Tax Credits for Electric Vehicles
10Mar, 23 March 10, 2023

What Is an Electric Vehicle Tax Credit?

Have you considered driving an electric vehicle? The U.S. Government is encouraging Americans to make the decision, offering a nonrefundable tax credit entitled “Electric Vehicle Tax Credit” (EV Credit).

  • This tax credit allows qualified buyers to deduct up to $7,500 of their federal income taxes when purchasing an eligible electric vehicle.
  • The maximum amount available is dependent on the capacity of the battery installed in the vehicle.
  • For vehicles with at least 7-kilowatt hours (kWh) of battery capacity, a base credit of $2,500 applies.
  • An additional $417 is then given for each kWh over 5, with no maximum limit.

Such ample savings will depend on the size and weight of the vehicle, in addition to how many cars have already been sold by the manufacturer. Through this financial incentive, developers are seeking to make electric vehicles more affordable and accessible for all Americans.

Importantly, this EV credit can be used as a tax deduction or a direct payment if you don’t owe taxes. Practically speaking, the EV Credit seeks to render owning such vehicles much more accessible and affordable; thus continuing people down their path toward a fairer and more sustainable future.
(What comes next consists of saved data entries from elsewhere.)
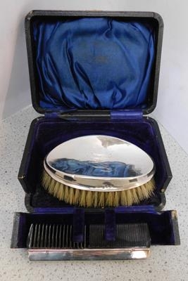 Victorian hallmarked silver brush & comb set in original box
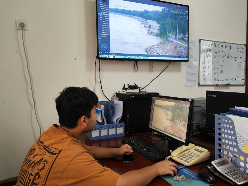“孙口水文站实时流量3730立方米每秒,水位45.27米,路那里险工根石稳固,无异常情况!”该局防汛办公室工作人员张申奥轻点“云黄河”平台,将河道水情、工程状态等数据即刻汇总,以便分析决策。“云黄河”系统整合了水位、流量……等监测数据,这些数据像“血液”一样在云端流动,实时研判水情变化趋势。“以前查数据要翻好几本台账,现在打开系统,‘黄河动态’一目了然,还能预测水位变化。”张申奥继续说道:“这套智能系统,真正成为了梁山黄河保护治理的‘智慧大脑’”。
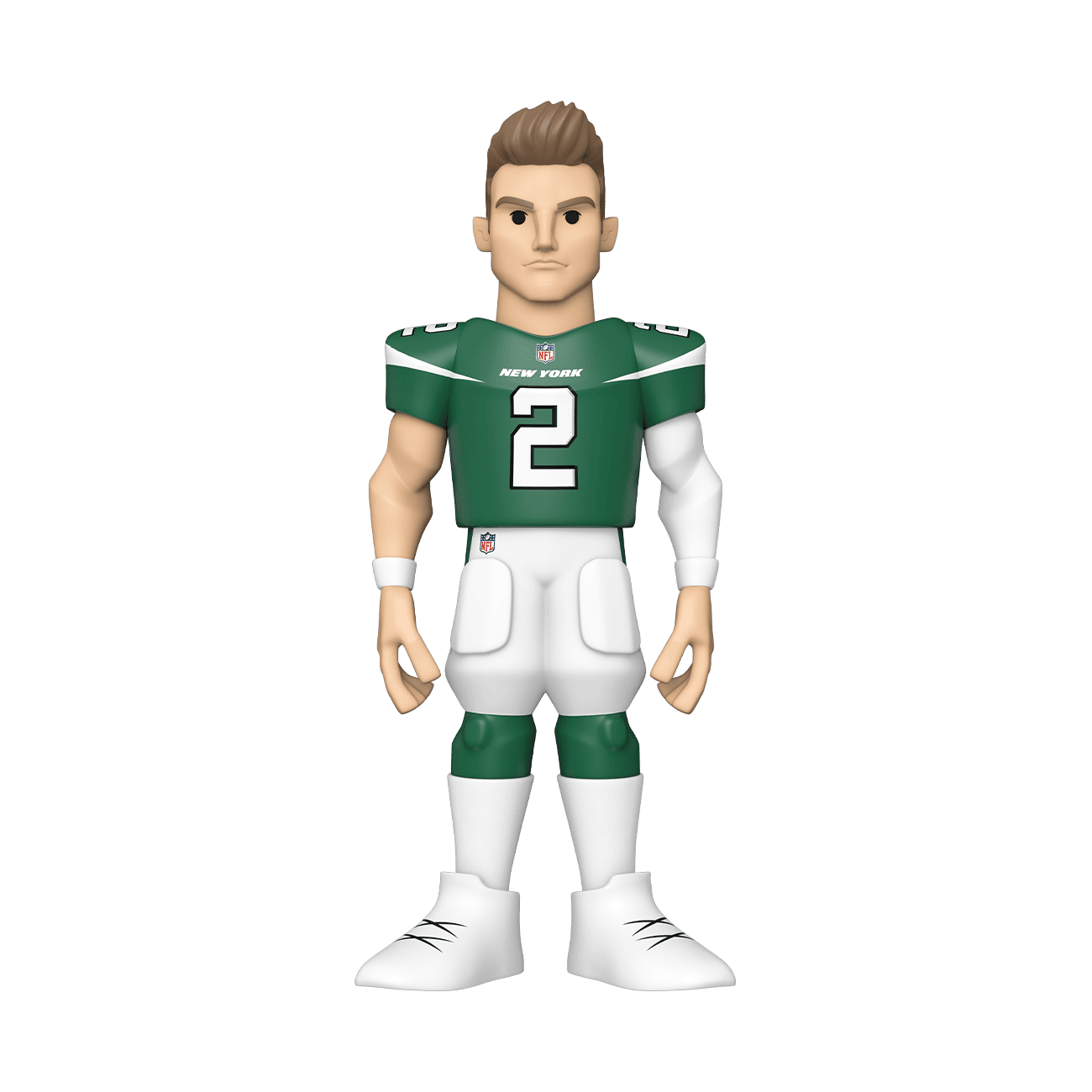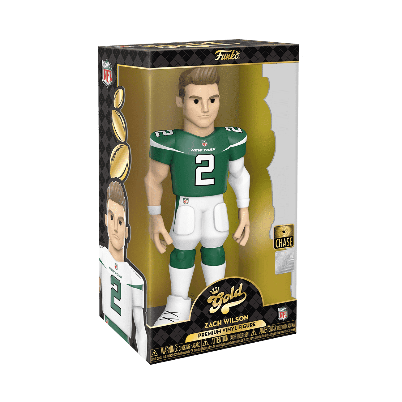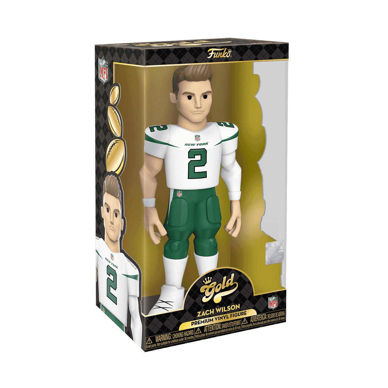 Score a touchdown for your National Football League collection with the new Funko GOLD™ 12” NFL Zach Wilson from the New York Jets. This 12-inch tall collectible of Zach Wilson has him dressed in his white jersey. There’s a 1 in 6 chance you may find the chase of Zach Wilson in his green jersey. GOLD is the perfect way to commemorate some of your favorite NFL players in your collection, and each figure comes in a sleek, display-ready box that is easy to stack with other GOLD collectibles. Vinyl figure is 12-inches tall.

The Big EV Tax Credit Benefit

The EV Tax Credit was established in the United States as part of the Inflation Reduction Act (IRA) and is available from 2023 to 2032.

The EV Tax Credit provides a maximum of $7,500 for new electric vehicles or up to $4,000 for used electric vehicles with a limit of 30% of the sale price. It is expected that further guidance on battery and critical mineral requirements will be released by the Treasury Department soon.

The federal government currently offers an EV tax credit of up to $7,500 for cars that meet certain criteria related to critical mineral content and battery component requirements. To qualify for the full $7,500 credit, the vehicles must meet both the critical mineral and the battery component criteria. Otherwise, if only one criterion is met then motorists can receive a tax credit of up to $3,750.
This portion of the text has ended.